Nuspire’s Threat Report provides data and insight into malware, exploit and botnet activity throughout 2020, including the largest spike in ransomware activity seen to date in Q4.

Nuspire, a leading managed security services provider (MSSP), announced the release of its 2020 Q4 and Year in Review Threat Landscape Report. Sourced from its 90 billion traffic logs, the report outlines new cybercriminal activity and tactics, techniques and procedures (TTPs) with additional insight from its threat intelligence partner, Recorded Future. Craig Robinson, a Program Director, Security Services at IDC said:

“The volume of sophisticated attacks seen throughout 2020 highlight the criticality of business intelligence and cybersecurity detection and response to improving organizational cyber readiness. Nuspire’s latest report puts into perspective the changing nature of cyberattacks. Security leaders must be ready for unexpected situations, consistently revisiting and revamping their cybersecurity strategies.”

2020 was a chaotic year that shifted the threat landscape and changed the way many organizations manage their business operations. In addition to increasingly sophisticated and frequent attacks, Nuspire security experts observed a massive spike in malware with Visual Basic for Applications (VBA) agent activity, which overshadowed all other malware variants identified throughout the year. John Ayers, Nuspire Chief Strategy Product Officer added:

“The SolarWinds attack shook the cybersecurity community to its core and should serve as a reminder to organizations small or large that security must be a priority within every aspect of the business. As attack techniques continue to evolve and the frequency of attacks increases, it’s critical for business success to understand the changing threat landscape and how to protect themselves from cyberthreats.”

During Q4 security experts uncovered a 10,000% increase in ransomware activity—the largest spike in activity Nuspire has observed to date. Ransomware operators targeted some of the most vulnerable moments in time, including the U.S. Presidential Election, the holidays, and continued to leverage year-long themes, such as the COVID-19 pandemic. Additionally, exploit attacks saw a whopping 68% increment this quarter as a result of numerous SMB brute force login attempts.

Additional notable findings from Nuspire’s 2020 Q4 and Year in Review Threat Landscape Report include:

Although malware activity was on a slow decline at the beginning of 2020, activity sharply increased in Q4, reaching its highest point through the year in September. VBA Trojans were the most commonly observed malware at 95%, suggesting either numerous malspam campaigns were launched or a large-scale one was instigated by unknown operators. Nuspire expects that VBA agent activity will continue to overshadow other variants as VBA is the first stage of infection.

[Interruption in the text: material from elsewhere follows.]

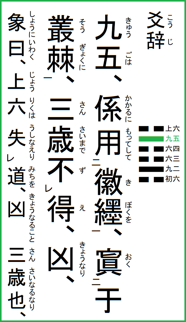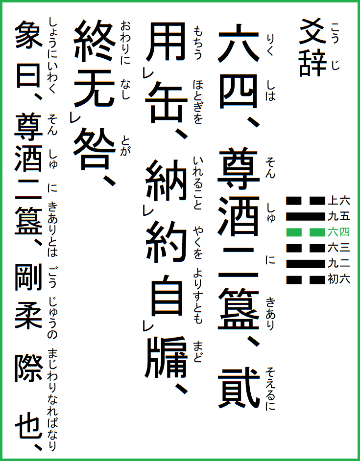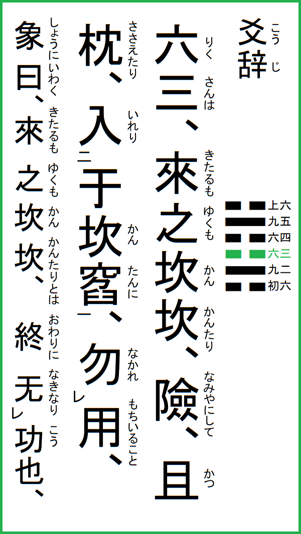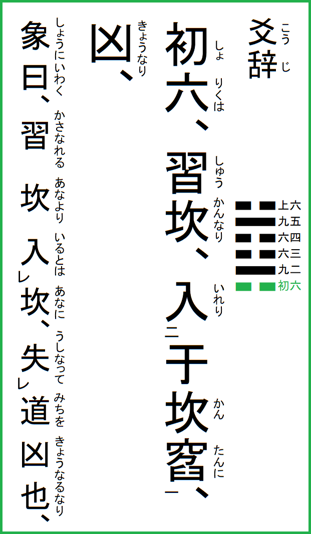 究極の易経解説 メニュー 01.乾為天 02.坤為地 03.水雷屯 04.山水蒙 05.水天需 06.天水訟 07.地水師 08.水地比 09.風天小畜 10.天沢履 11.地天泰 12.天地否 13.天火同人 14.火天大有 15.地山謙 16.雷地予 17.沢雷随 18.山風蠱 19.地沢臨 20.風地観 21.火雷噬嗑 22.山火賁 23.山地剥 24.地雷復 25.天雷无妄 26.山天大畜 27.山雷頤 28.沢風大過 29.坎為水 30.離為火 31.沢山咸 32.雷風恒 33.天山遯 34.雷天大壮 35.火地晋 36.地火明夷 37.風火家人 38.火沢睽 39.水山蹇 40.雷水解 41.山沢損 42.風雷益 43.沢天夬 44.天風姤 45.沢地萃 46.地風升 47.沢水困 48.水風井 49.沢火革 50.火風鼎 51.震為雷 52.艮為山 53.風山漸 54.雷沢帰妹 55.雷火豊 56.火山旅 57.巽為風 58.兌為沢 59.風水渙 60.水沢節 61.風沢中孚 62.雷山小過 63.水火既済 64.火水未済 |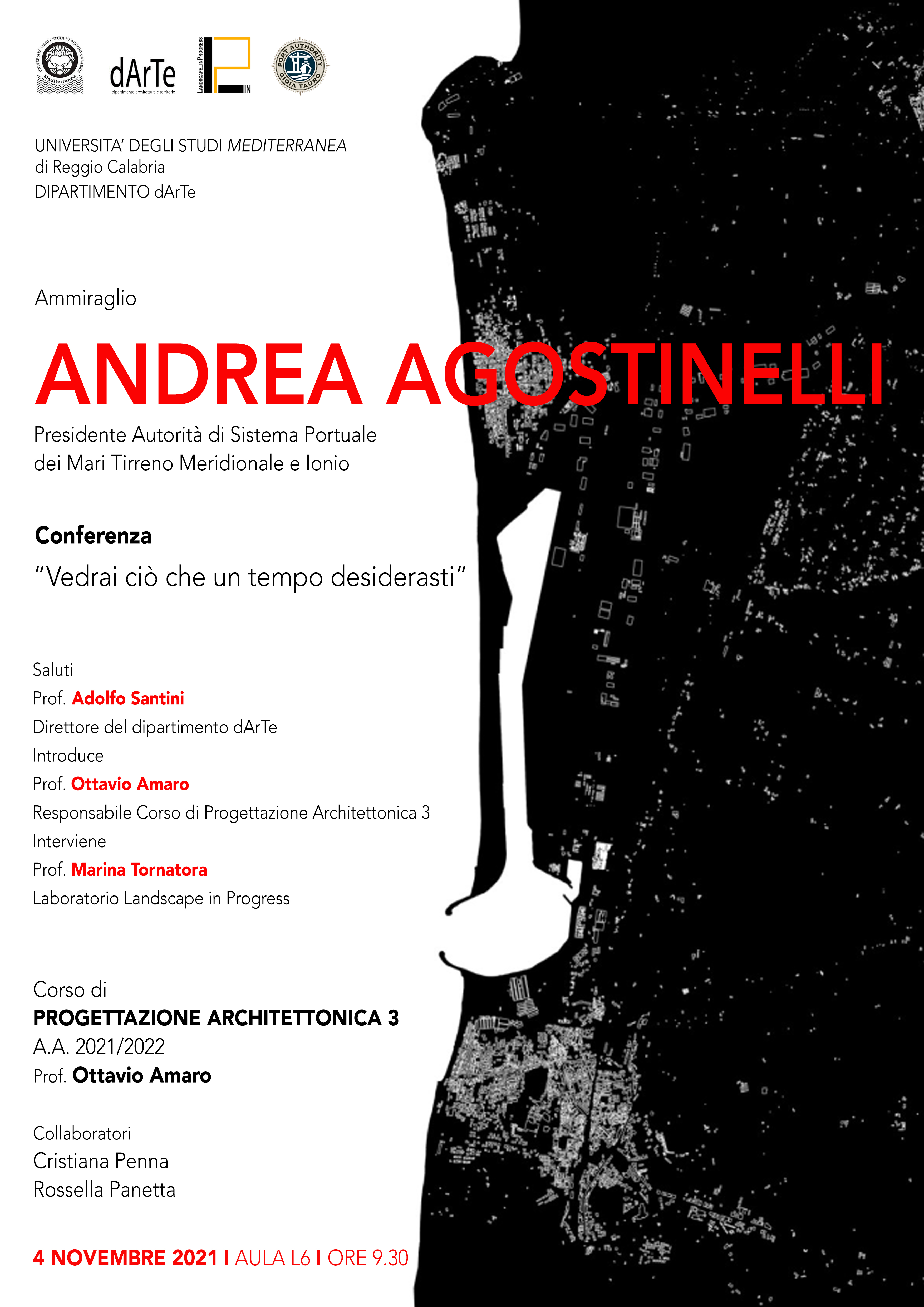 Giorno 4 novembre 2021 alle ore 9.30 nell’aula L6 del plesso di Architettura si terrà la conferenza dell’Ammiraglio Andrea Agostinelli Presidente dell’Autorità di Sistema Portuale dei Mari Tirreno Meridionale e Ionio.

• Throughout 2020, Nuspire observed a consistent increase of exploitation events with DoublePulsar reigning as the top utilized technique. However, Q4 saw the largest volume of activity in December with SMB Login Brute Force attempts, closely followed by HTTP Server Authorization Buffer Overflow attacks.
• Botnet and Exploit activity remained fairly consistent throughout the year with the largest contenders being ZeroAccess Botnet, which made a significant appearance in May, and DoublePulsar staying at the top of the exploit activity list in 2020.
• In Q4, attackers increased attempts to exploit new vulnerabilities as they were disclosed. This escalation was driven by the release of a known vulnerability in over 49,000 Fortinet devices on the dark web and APT groups – which also targeted the SSL-VPN vulnerability (CVE-2018-13379). Shortly after this list was released, activity attempting to exploit this vulnerability increased by 4,176%.